Représentations sociales et interculturalité
Un autre domaine vers lequel se portent les intérêts des chercheurs est celui des représentations sociales, définies dès 1961 par Moscovici, les représentations sociales constituent, pour Jodelet, une forme de connaissances socialement élaborée et qui contribue à la construction d’une réalité commune à un ensemble social.
L’analyse de ces représentations dans des milieux différents et dans des contextes marqués par des contacts ou des changements culturels nous renseigne d’une manière plus globale au sujet des processus de leur formation et des différenciations produites par les effets de milieux.
Des études interculturelles de ce type peuvent porter notamment sur les constructions des images de soi chez des enfants ayant des statuts contrastés.

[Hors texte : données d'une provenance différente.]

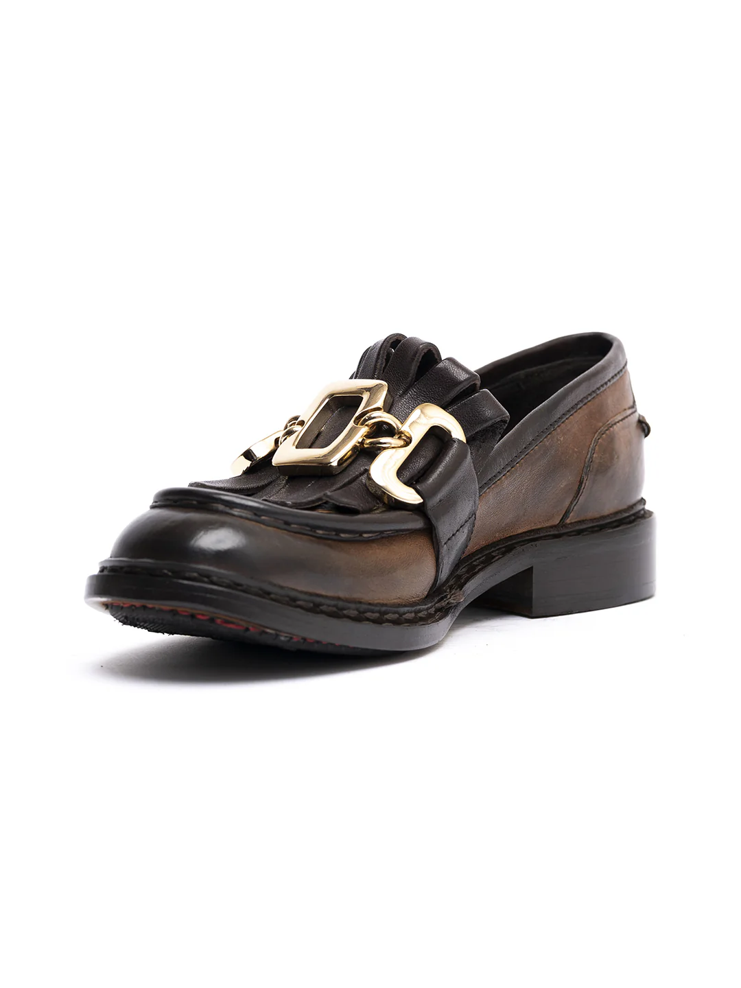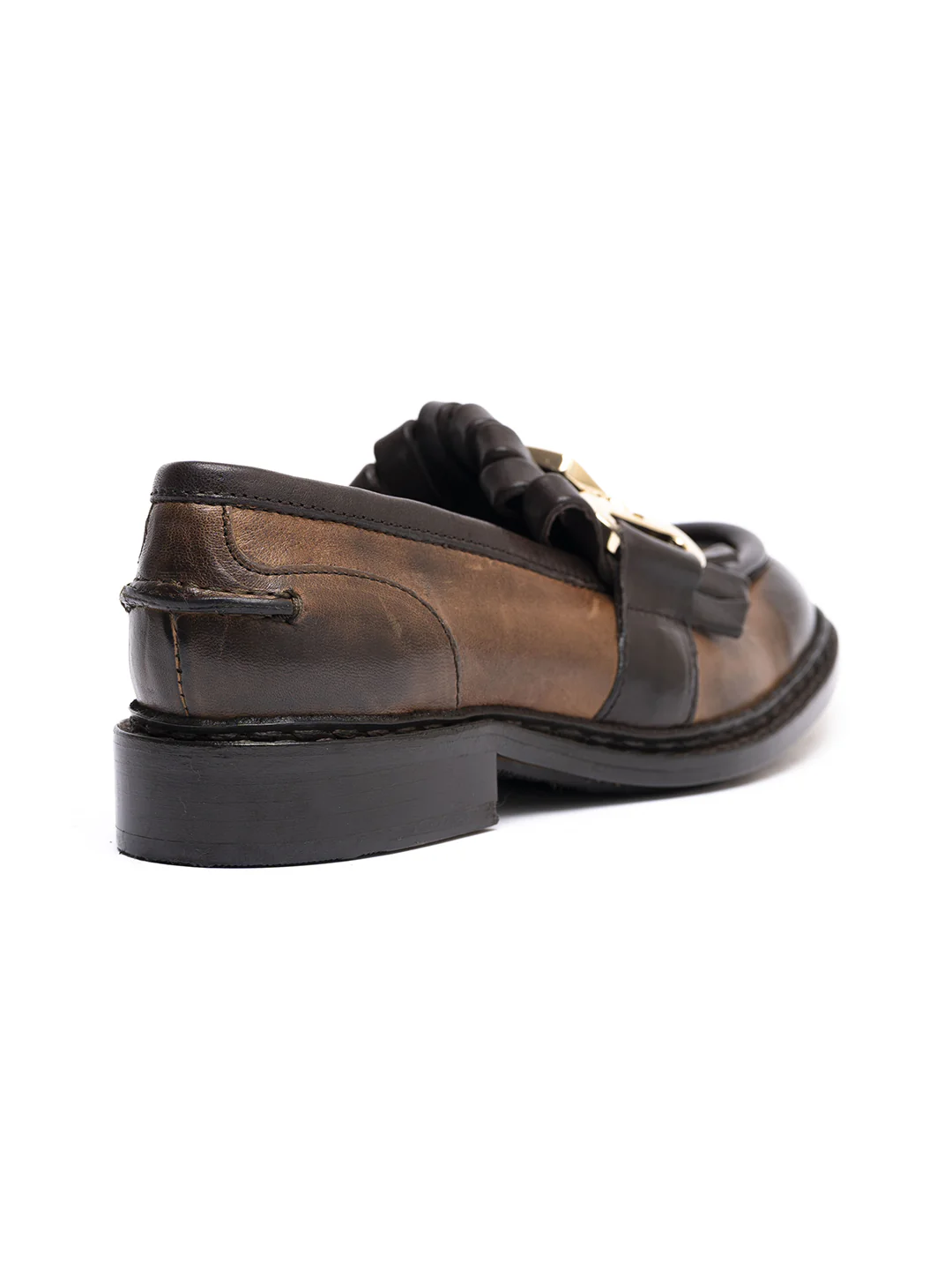 Tipo di lavorazione: pellame spazzolato a mano, la suola viene lavata e fissata alla tomaia tramite la cucitura «Blake»

C’est le cas des études comparatives faites entre écolières françaises et écolières maghrébines par J.-P. Becvort et F. Winnylsamen qui ont permis de comprendre comment intervient la spécificité des appartenances dans les différentes représentations, comme la manière dont se construisent des similitudes et des synthèses originales grâce à l’émergence d’une culture nouvelle à partir de rencontres inter-culturelles.
Nous pouvons également citer les travaux de F. Couchard sur les représentations sociales dans la culture musulmane à propos des modèles identificatoires induits par des références à la « traditionnalité » et à la « modernité ».
Signalons plus particulièrement les travaux en cours menés par Willem Doise dans une trentaine de pays sur l’étude des représentations sociales des droits de l’homme et leur universalité.
Ce sont là quelques exemples qui illustrent le vaste domaine dans lequel se développent et peuvent encore se développer les recherches interculturelles qui offrent à la psychologie autant d’ouvertures théoriques et méthodologiques.